**SUPPLIED INFORMATION:**
= = = = = = =

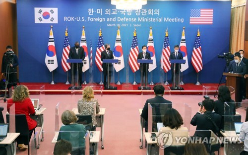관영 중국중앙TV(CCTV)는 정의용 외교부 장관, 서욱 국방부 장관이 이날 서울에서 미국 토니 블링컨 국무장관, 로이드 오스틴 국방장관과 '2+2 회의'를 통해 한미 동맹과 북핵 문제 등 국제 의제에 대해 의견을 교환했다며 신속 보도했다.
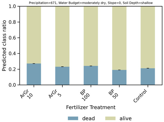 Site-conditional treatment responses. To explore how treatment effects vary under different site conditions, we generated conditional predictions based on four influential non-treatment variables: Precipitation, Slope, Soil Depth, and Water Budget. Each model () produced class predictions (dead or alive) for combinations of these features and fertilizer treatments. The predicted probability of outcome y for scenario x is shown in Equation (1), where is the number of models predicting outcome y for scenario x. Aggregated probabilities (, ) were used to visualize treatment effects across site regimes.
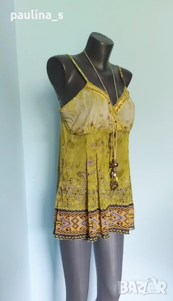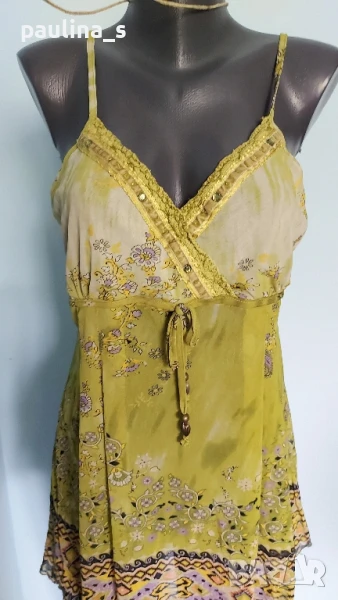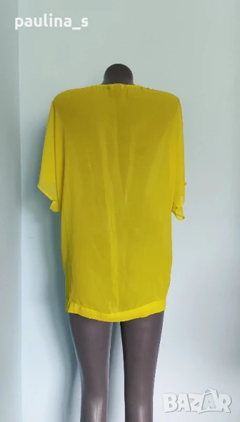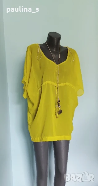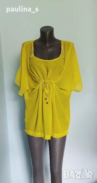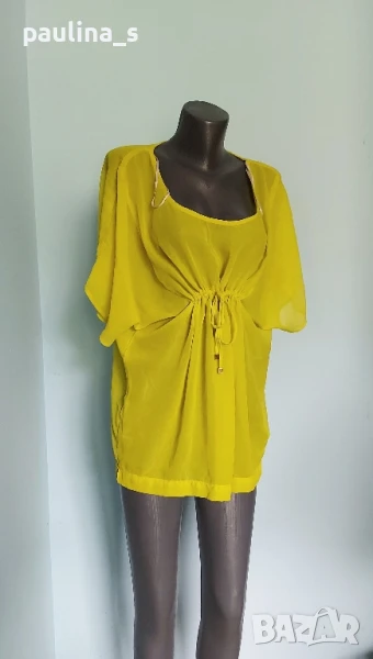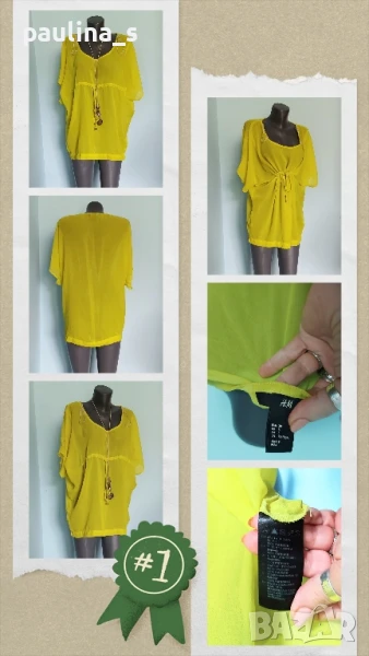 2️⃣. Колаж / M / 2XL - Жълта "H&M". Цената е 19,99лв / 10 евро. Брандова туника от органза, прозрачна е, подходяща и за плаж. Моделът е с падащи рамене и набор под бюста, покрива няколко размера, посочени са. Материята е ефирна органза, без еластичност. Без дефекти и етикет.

= = = = = = =

**WHAT YOU HAVE TO DO:** Write out exactly, and only, the lines running from the line with "Site-conditional treatment responses." to the last line above, both included, with all pictures omitted.

**SOLUTION FOR THIS PROBLEM:**
 Site-conditional treatment responses. To explore how treatment effects vary under different site conditions, we generated conditional predictions based on four influential non-treatment variables: Precipitation, Slope, Soil Depth, and Water Budget. Each model () produced class predictions (dead or alive) for combinations of these features and fertilizer treatments. The predicted probability of outcome y for scenario x is shown in Equation (1), where is the number of models predicting outcome y for scenario x. Aggregated probabilities (, ) were used to visualize treatment effects across site regimes.
 2️⃣. Колаж / M / 2XL - Жълта "H&M". Цената е 19,99лв / 10 евро. Брандова туника от органза, прозрачна е, подходяща и за плаж. Моделът е с падащи рамене и набор под бюста, покрива няколко размера, посочени са. Материята е ефирна органза, без еластичност. Без дефекти и етикет.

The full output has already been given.